Ray grew up with Bob Woodward and Carl
Bernstein as his heroes and studied journalism for a year.
It was this love for journalism that motivated him to make Shattered
Glass. A sudden change in management put the film into turnaround and
it remained inactive for two years until Cruise/Wagner Productions bought it
from HBO. They took it to Lionsgate and
Ray asked the studio if he could direct in addition to writing it. Ray stuck
with the project because he knew Bissinger, having previously adapted one of
his books, Friday Night Lights.
The challenge for Ray was to make the subject matter watchable because,
according to the filmmaker, "watching people write is deadly dull ... in a
film like this, dialogue is what a character is willing to reveal about
himself, and the camera is there to capture everything else". The
breakthrough for Ray came when he realized that the film's real protagonist was
not Glass but Chuck Lane.

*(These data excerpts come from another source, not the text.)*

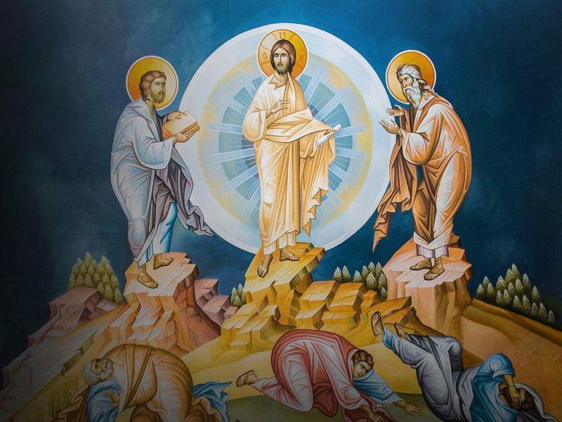 Urcându-Se pe munte, Hristos-Domnul S-a depărtat puţin de ucenici şi, suindu-Se pe un loc mai înalt, Se ruga, iar cei trei ucenici, osteniți de lungimea drumului și a rugăciunii, se luptau cu somnul. Dar, când s-au deşteptat bine, Mântuitorul S-a schimbat la față înaintea lor, strălucind cu slava dumnezeirii Sale. Iar înaintea Lui au stat prorocii Moise și Ilie, vorbind față către față cu El, împlinindu-se astfel dorința celor doi profeţi ai Vechiului Testament de a-L vedea pe Dumnezeu. Și văzând fața Sa luminoasă ca soarele și hainele Lui albe ca zăpada, Petru a vrut să ridice pentru cei trei câte o colibă.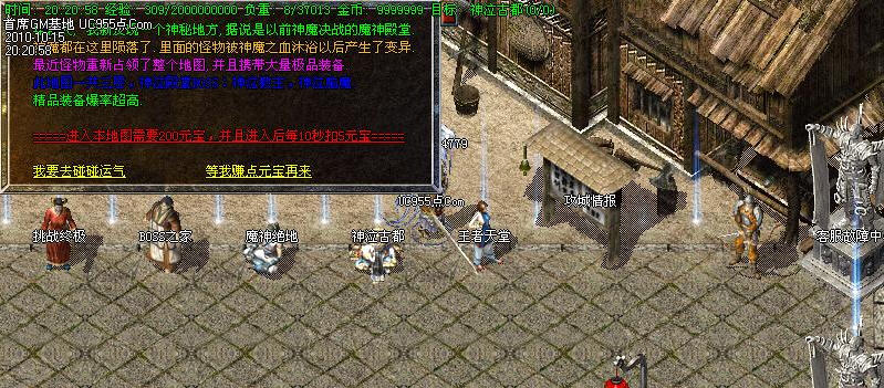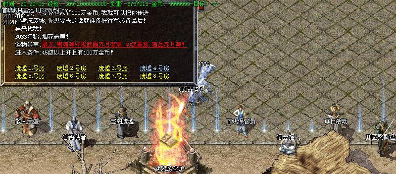 特别地图:王者天堂为打宝天堂,每天16点开放.此地图任何大小怪物都可以有机率暴出赤月类装备和精品首饰、终极武器!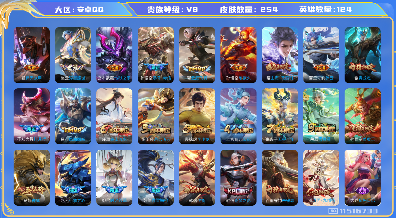 [11516733]V8 13传说 124英雄 254皮肤 可修改实名 传说皮:零号·赤焰,地狱火,地狱之眼,淬星耀世,云鹰飞将(小将军),绛天战甲(鸡嘴战神),碎云,山海·苍雷引(电光曜子) 珍宝阁皮:万物之道,蔷薇恋人,女武神,玩趣恶龙 限定皮:愿照·九州拓(澜年限),鸣野蒿,傲雪梅枪,绯月行,时之彼端,神威(电光马子),飞衡(韩信年限),遇见飞天,高山流水,怒海麟威,五谷丰年,青龙志(铠年限),梁祝,李小龙,逐梦之影,朱雀志(守约年限),引擎之心,美猴王 史诗皮:星界战将,器灵·浮梦炉,糖绘人间,石田雨龙,百相守梦-黄忠,蒙犽顽岩魄,化蝶舞,紫霞仙子,白龙吟,黄金分割率,特工魅影,江河有灵,百解令(蒙犽),蒙恬荣光圣徽,冰冠公主,电玩·爆裂旋风,龙骑士(小龙虾),末日机甲-吕布,猫狗日记-孙策,猫狗日记-大乔,时之恋人-孙尚香,乱世虎臣,节奏热浪,修罗,女仆咖啡,摇滚巨星,水果甜心,绅士熊喵,天才门将,星夜王子,心灵骇客,功夫厨神,德古拉伯爵,暗隐猎兽者,幽灵船长,鬼剑武藏,暗渊魔法,心灵战警,纤云弄巧,繁星吟游(呼啦呼啦),缤纷独角兽,乘风破浪,逐浪之夏,月团寄思,水晶猎龙者,曙光守护者,金属风暴,原初追逐者,圣诞恋歌,鹰眼统帅,魅力维加斯,黎明之约,无心,未来纪元-赵云,玫瑰异探
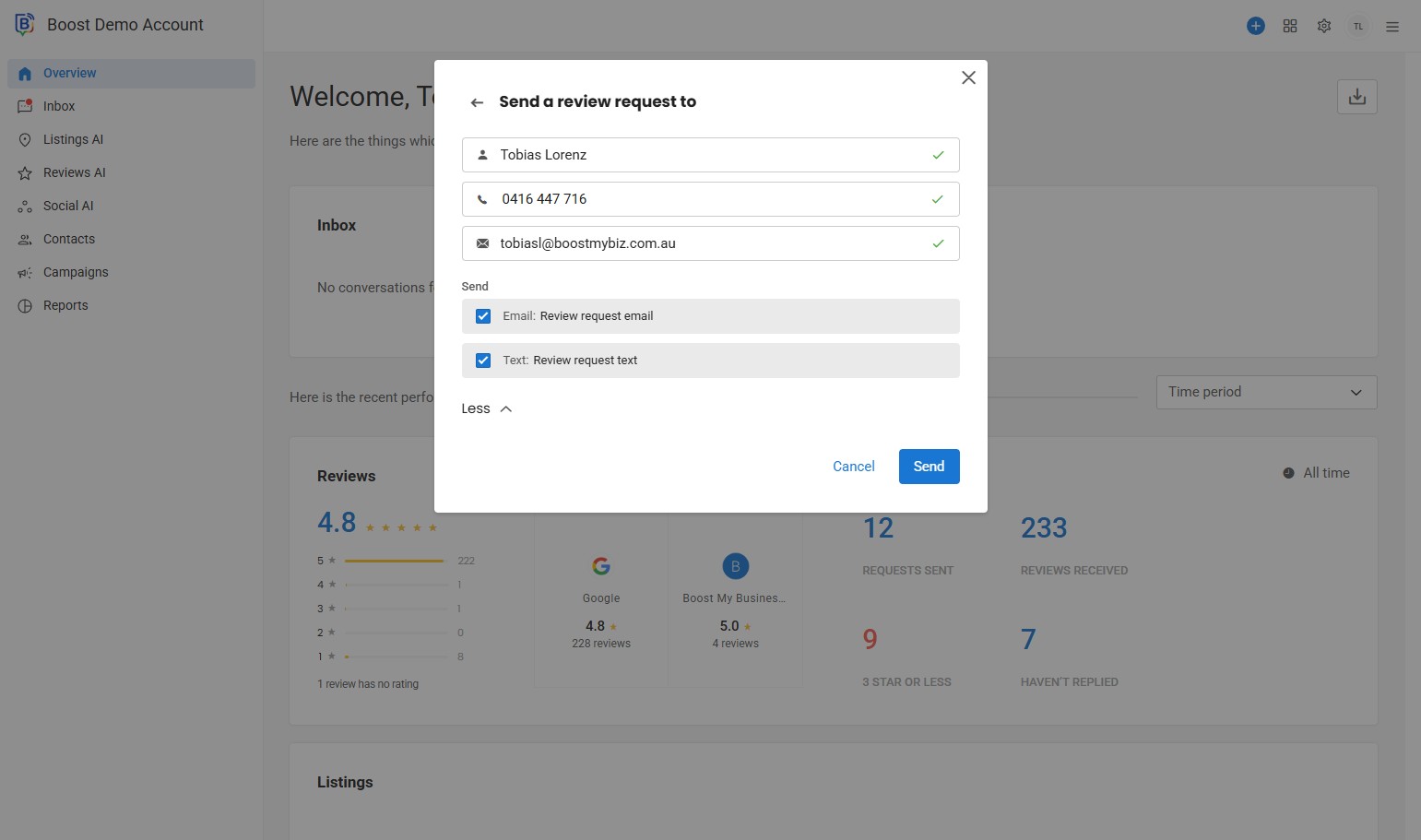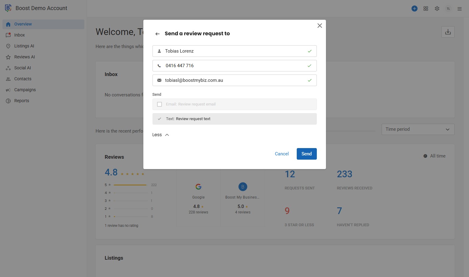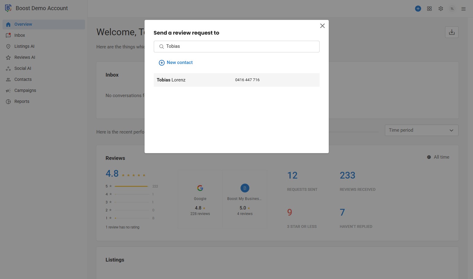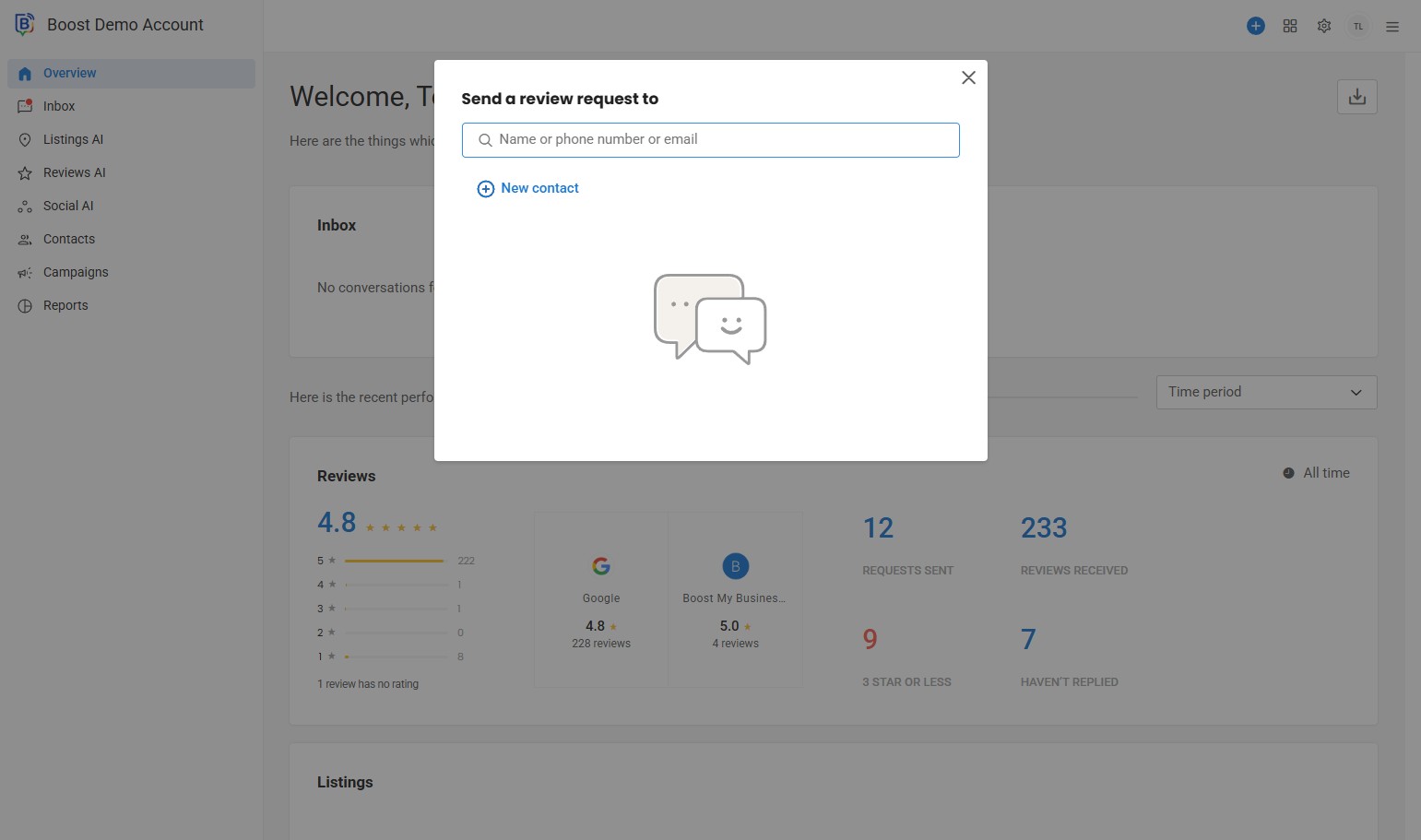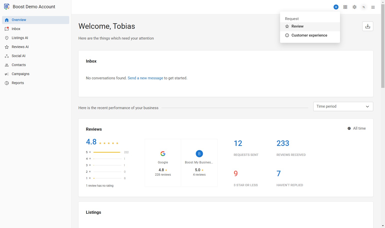02. Click the plus “+” Symbol. This is the Quick Send Button, where you can easily send out Review Requests and more.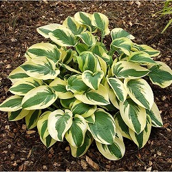 斑入り葉やライムグリーン、ブルー系など葉のバラエティが豊富で、また葉や株のサイズも大小さまざまなので、鉢植え、庭植えなどいろいろな場所で利用できます。いくつかを組み合わせて植えたり、1株で大きな鉢に植え込むのも素敵です。初夏に薄紫色~白の花を咲かせます。秋に地上部が枯れますが、冬越しさせると根元から子株が出て、翌年はよりこんもりした姿に育ちます。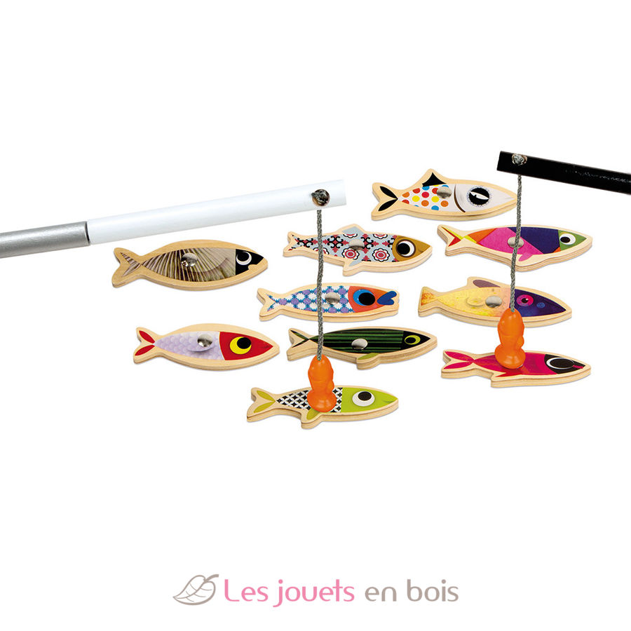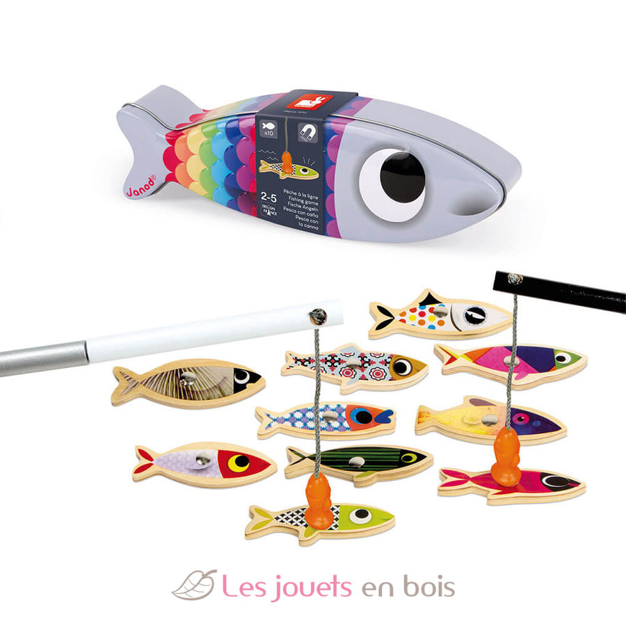 Un jeu de pêche à la ligne en bois magnétique pour les apprentis pêcheurs à partir de 2 ans. Idéal pour se lancer des défis seul ou jouer à plusieurs.

According to Ray, "as fascinating as Stephen
Glass is by the end of the movie people would want to kill themselves – you
just can't follow him all the way". He used the Bissinger article as a
starting point, which gave him a line of dialogue on which to hook the entire
character of Glass: "Are you mad at me?" According to Ray, "you
can build an entire character around that notion, and we did". To prepare
for the film, Ray interviewed and re-interviewed key figures for any relevant
details. He signed some of them as paid consultants and gave several approval
over the script. Early on, he spent a considerable amount of time trying to
earn the trust of the people who had worked with Glass and get them to
understand that he was going to be objective with the subject matter. The real
Michael Kelly was so unhappy about how he was portrayed in Bissinger's article that he threatened to sue when Ray first contacted him about the film and
refused for two years to read Ray's script, which he eventually approved. Ray
attempted to contact Glass through his lawyers but was unsuccessful. Lionsgate
lawyers asked Ray to give them an annotated script where he had to footnote
every line of dialogue and every assertion and back them up with corresponding
notes. Ray shot both halves of the film differently – in the first half, he
used hand-held cameras in the scenes that took place in the offices of The
New Republic, but when the Forbes editors
begin to question Glass, the camerawork was more stable. It was a subtle but
effective technique. It’s funny, one one hand I really wanted Glass to get away
with it and I disliked Lane for investigating him but as the film progressed –
watching Glass squirm out of every accusation – I soon wanted justice to
prevail and for Lane to give him everything he got for making a mockery of
journalism. The problem these days is that there are too many Glass and not
enough Lane’s working in media, so the film is an interesting investigative
recreation and also a lesson that viewers should heed the next time they pick
up a newspaper with wild allegations.